Given data
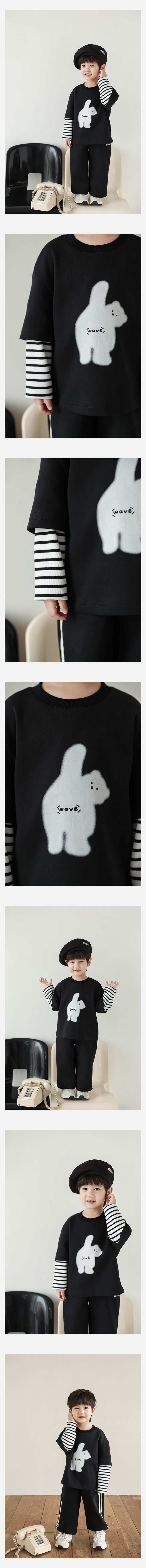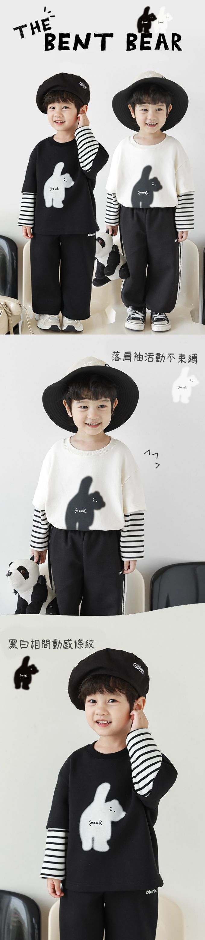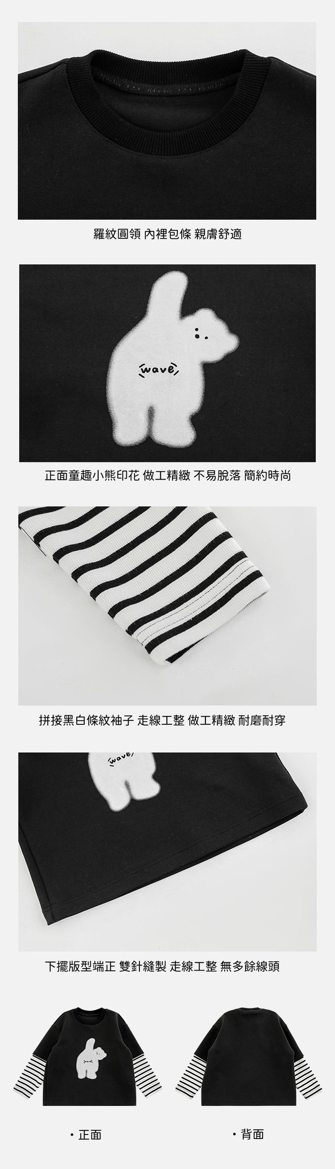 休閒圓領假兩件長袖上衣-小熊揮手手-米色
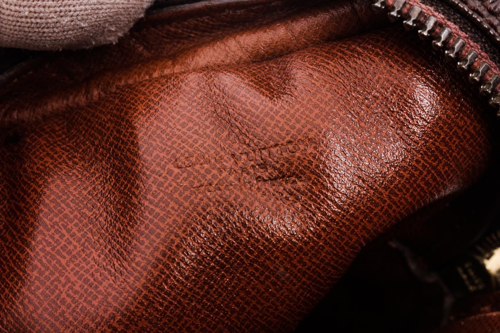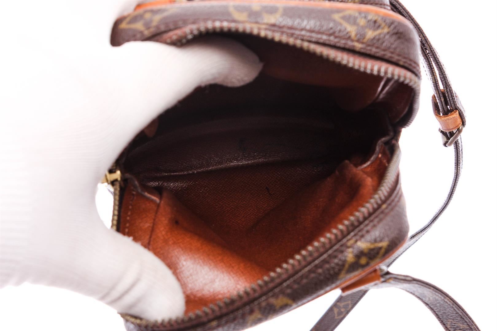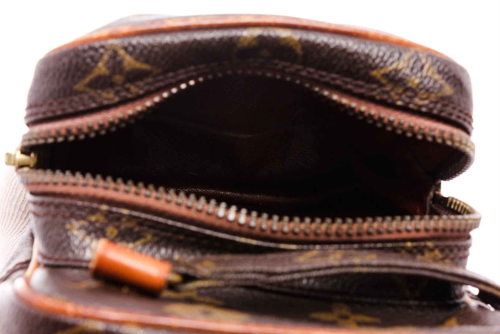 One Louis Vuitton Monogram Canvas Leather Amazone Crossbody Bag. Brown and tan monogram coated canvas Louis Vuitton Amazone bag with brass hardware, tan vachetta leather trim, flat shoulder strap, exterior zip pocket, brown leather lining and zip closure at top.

* * *

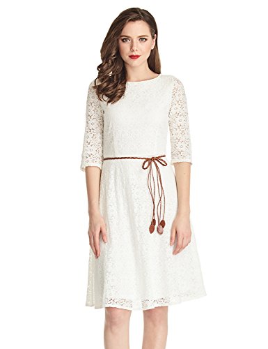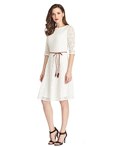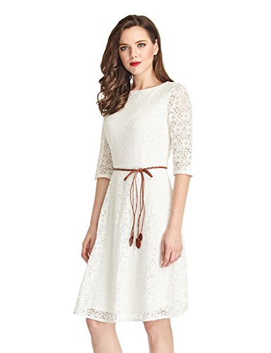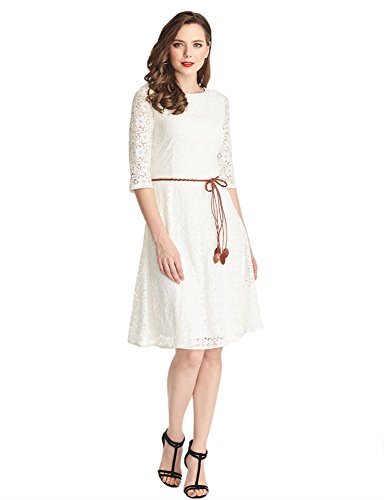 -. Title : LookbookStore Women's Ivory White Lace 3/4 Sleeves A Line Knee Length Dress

Task objective
Pictures are to be left out. Write out only the lines above starting at the one with "休閒圓領假兩件長袖上衣-小熊揮手手-米色" and ending at the one with "One Louis Vuitton", both lines included, exactly.

The completed task
 休閒圓領假兩件長袖上衣-小熊揮手手-米色
 One Louis Vuitton Monogram Canvas Leather Amazone Crossbody Bag. Brown and tan monogram coated canvas Louis Vuitton Amazone bag with brass hardware, tan vachetta leather trim, flat shoulder strap, exterior zip pocket, brown leather lining and zip closure at top.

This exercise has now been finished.